= Pamula Rajeswari Devi =

Indian politician

Pamula Rajeswari Devi (born 1963) is an Indian politician from Andhra Pradesh. She is a former member of the Andhra Pradesh Legislative Assembly from Gannavaram, Konaseema Assembly constituency, which is reserved for Scheduled Caste community, in the then West Godavari district. She was last elected in the 2009 Andhra Pradesh Legislative Assembly election representing the Indian National Congress.

== Early life and education ==
Devi is from Razole, Konaseema district, Andhra Pradesh. She married Vijaya Rangarao. She studied Class 10 at S.S.C Zilla Parishad High School, Pedapatnam Lanka and passed the examinations in 1978.

== Career ==
Devi was elected as an MLA in the Gannavaram, Konaseema Assembly constituency representing the Indian National Congress in the 2009 Andhra Pradesh Legislative Assembly election. She polled 44.756 votes and defeated her nearest rival, Pulaparthy Narayana Murthy of the Telugu Desam Party, by a margin of 3,105 votes. The erstwhile Nagaram seat has become P. Gannavaram in 2008 and is reserved for Scheduled Caste community. She was first elected as an MLA from Nagaram Assembly constituency in 2004 Andhra Pradesh Legislative Assembly election. In 2004, she polled 36,325 votes and defeated her nearest rival, Ayyaji Vema Manepalli of the Bharatiya Janata Party, by a margin of 9,281 votes.

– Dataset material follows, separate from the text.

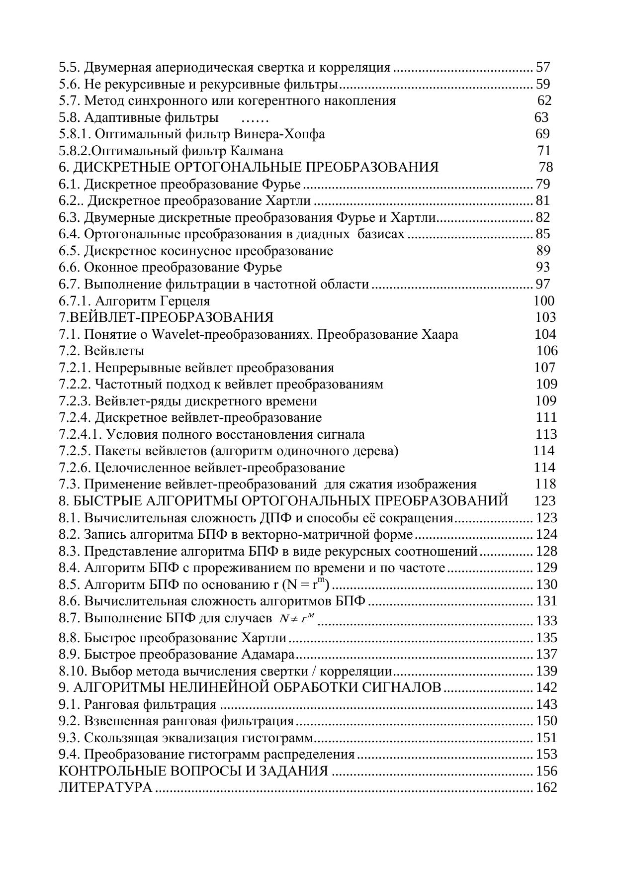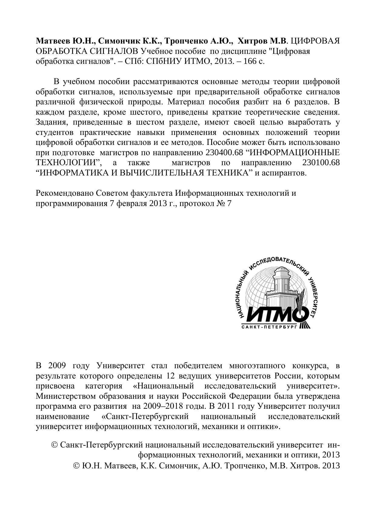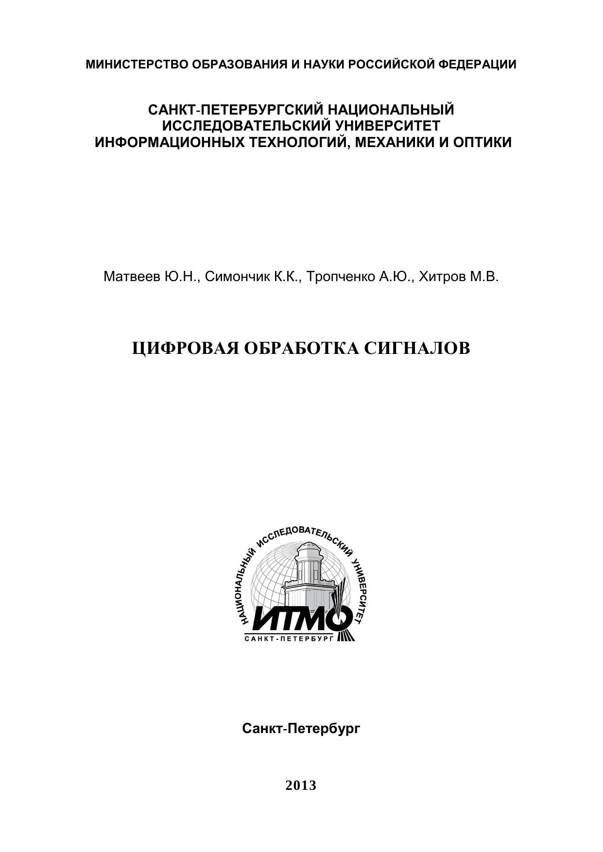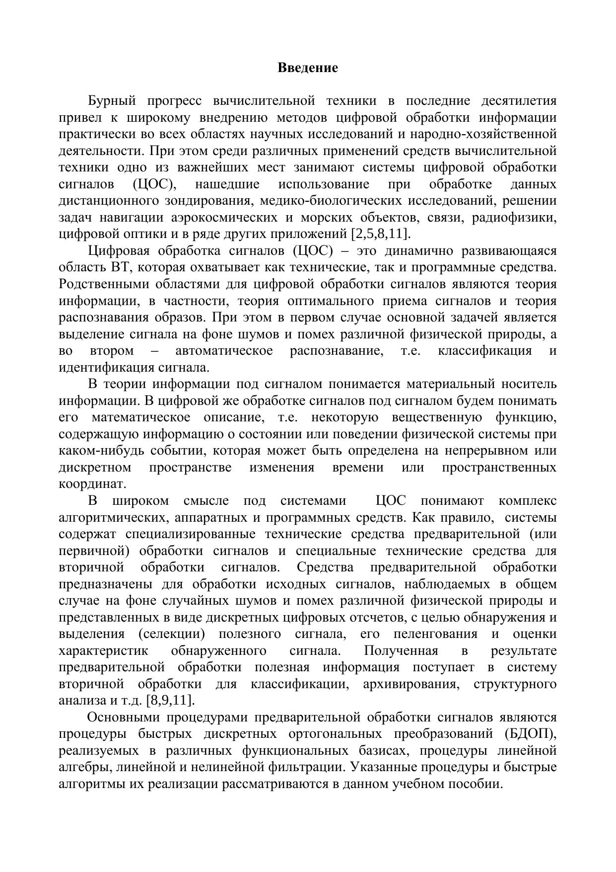 В учебном пособии рассматриваются основные методы теории цифровой обработки сигналов, используемые при предварительной обработке сигналов различной физической природы. Материал пособия разбит на 6 разделов. В каждом разделе, кроме шестого, приведены краткие теоретические сведения. Задания, приведенные в шестом разделе, имеют своей целью выработать у студентов практические навыки применения основных положений теории цифровой обработки сигналов и ее методов.

In the 2019 Andhra Pradesh Legislative Assembly election, she contested the same seat on the Janasena Party ticket but could only finish third behind winner, Kondeti Chittibabu of the YSR Congress Party and Nelapudi Stalin Babu of the Telugu Desam, who finished second. Devi polled 36,259 votes.

She resigned from Congress and joined YSRCP in April 2017, before switching to Janasena Party, and when she was denied a ticket for the assembly elections, she joined YSR Congress Party in April 2024.